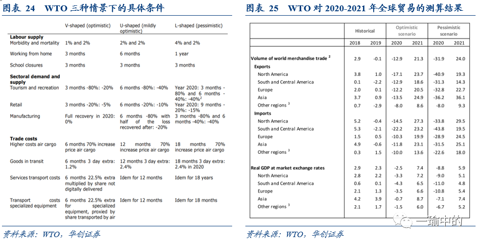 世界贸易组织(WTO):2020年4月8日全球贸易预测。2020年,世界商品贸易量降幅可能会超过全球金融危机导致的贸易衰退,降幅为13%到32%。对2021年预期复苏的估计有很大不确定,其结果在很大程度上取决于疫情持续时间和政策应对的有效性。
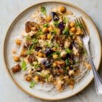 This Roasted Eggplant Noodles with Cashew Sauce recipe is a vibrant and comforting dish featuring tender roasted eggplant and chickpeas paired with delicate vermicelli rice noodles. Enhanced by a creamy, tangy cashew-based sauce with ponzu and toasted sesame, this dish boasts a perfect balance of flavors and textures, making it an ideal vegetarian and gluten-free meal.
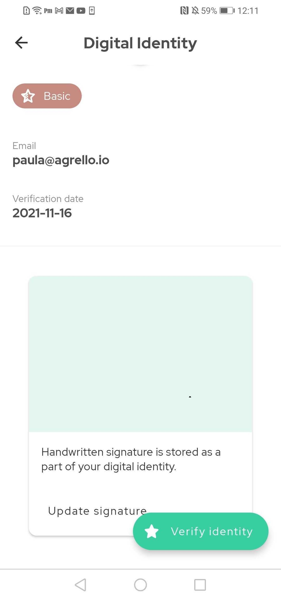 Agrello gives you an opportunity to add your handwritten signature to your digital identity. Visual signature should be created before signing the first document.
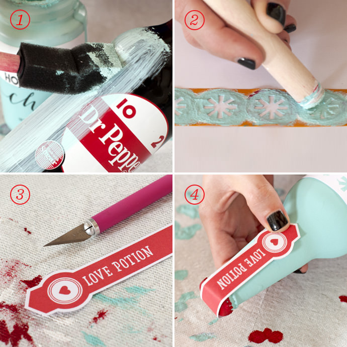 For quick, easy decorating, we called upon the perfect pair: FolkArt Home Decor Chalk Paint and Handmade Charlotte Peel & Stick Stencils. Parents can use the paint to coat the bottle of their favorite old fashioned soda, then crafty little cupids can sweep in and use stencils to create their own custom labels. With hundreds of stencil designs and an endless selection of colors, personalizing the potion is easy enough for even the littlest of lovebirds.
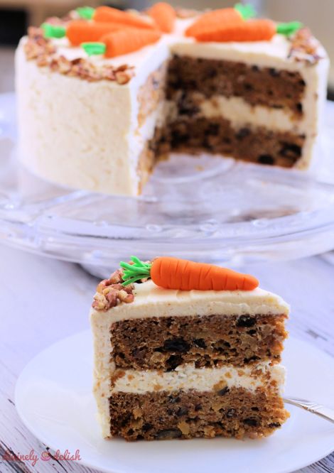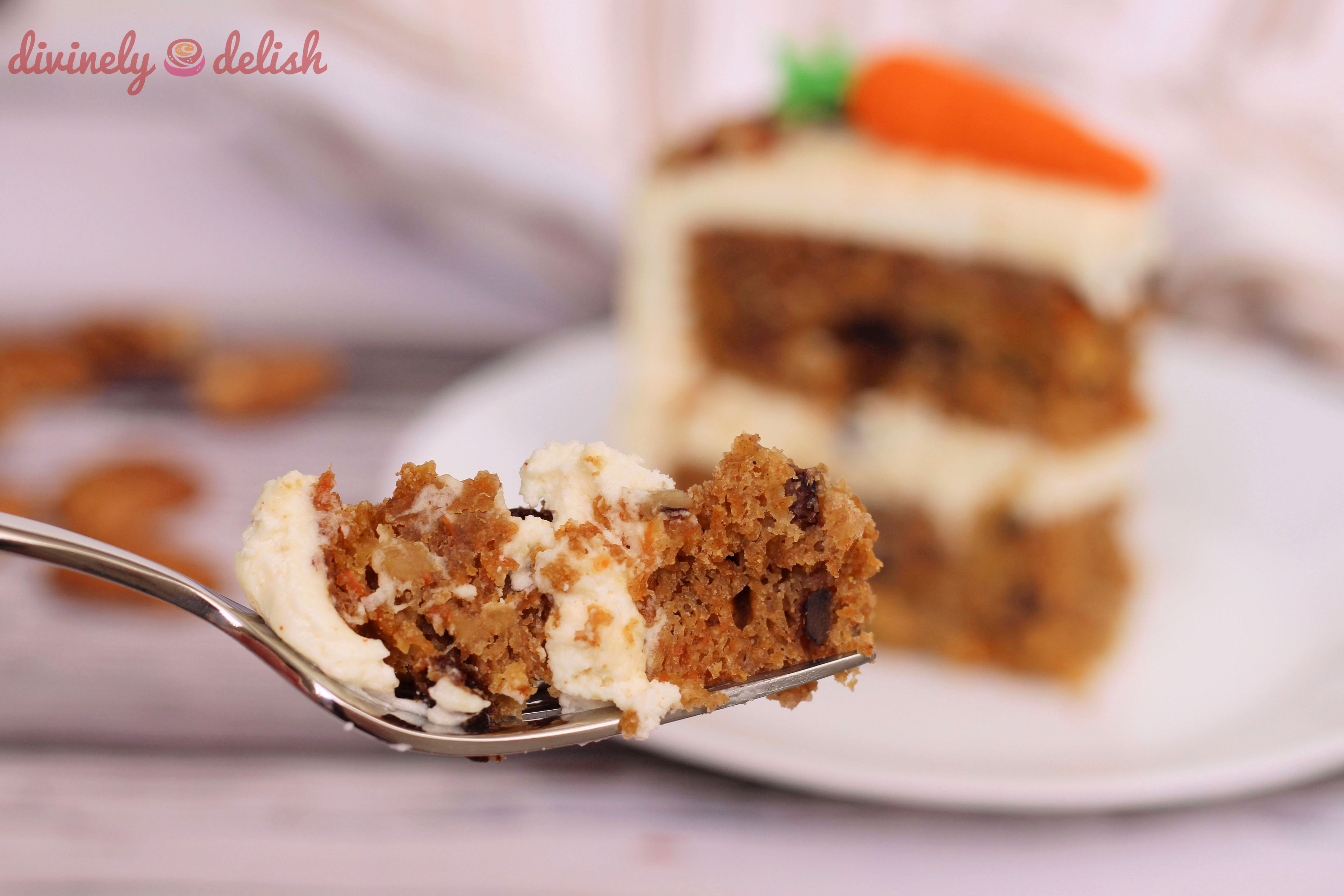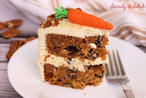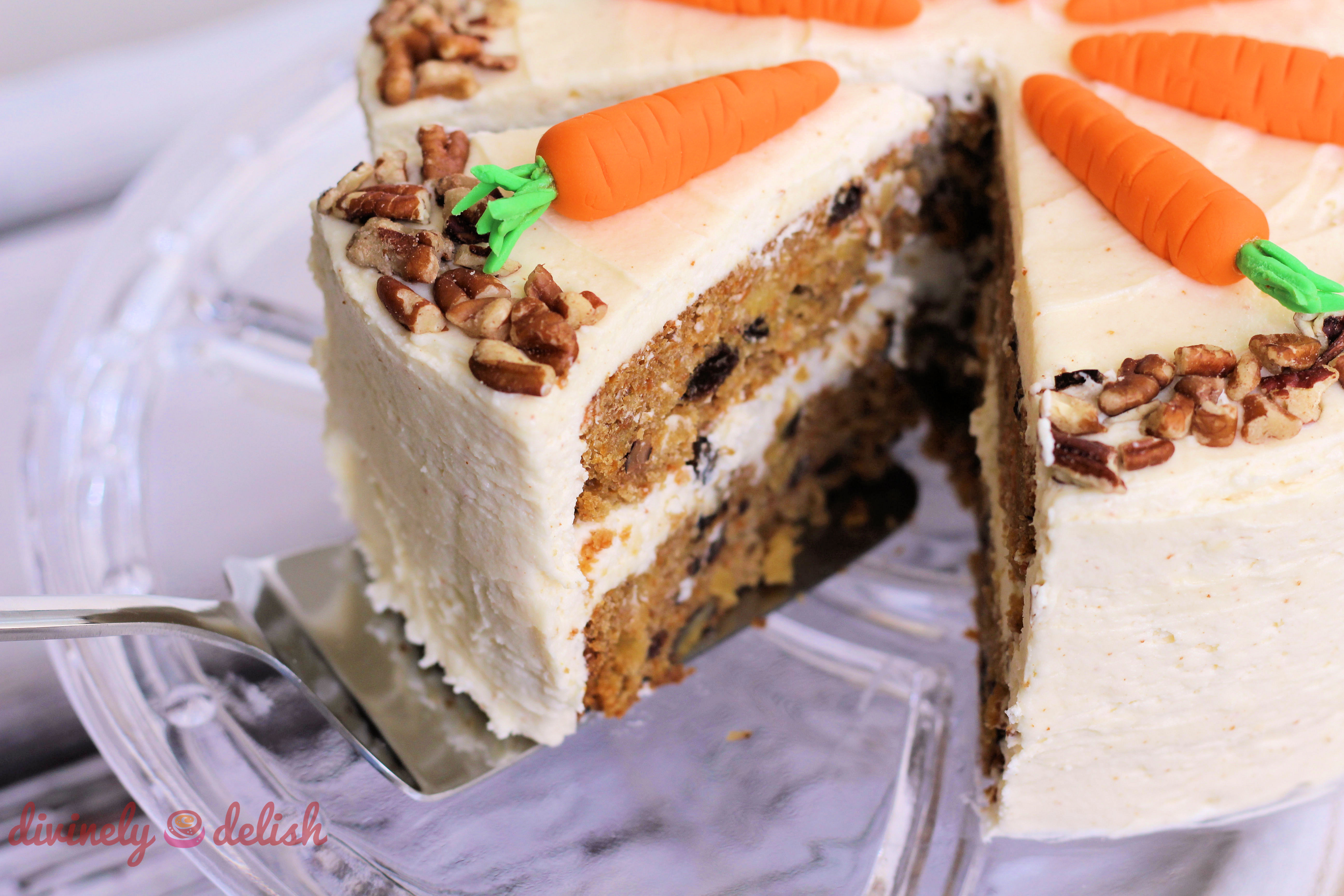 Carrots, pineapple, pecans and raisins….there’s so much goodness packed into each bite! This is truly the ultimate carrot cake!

#### What needs to be done
Please restate word for word each line from the one containing "Agrello gives you" to the end of the data above, without the pictures.

#### Exercise solution
 Agrello gives you an opportunity to add your handwritten signature to your digital identity. Visual signature should be created before signing the first document.
 For quick, easy decorating, we called upon the perfect pair: FolkArt Home Decor Chalk Paint and Handmade Charlotte Peel & Stick Stencils. Parents can use the paint to coat the bottle of their favorite old fashioned soda, then crafty little cupids can sweep in and use stencils to create their own custom labels. With hundreds of stencil designs and an endless selection of colors, personalizing the potion is easy enough for even the littlest of lovebirds.
 Carrots, pineapple, pecans and raisins….there’s so much goodness packed into each bite! This is truly the ultimate carrot cake!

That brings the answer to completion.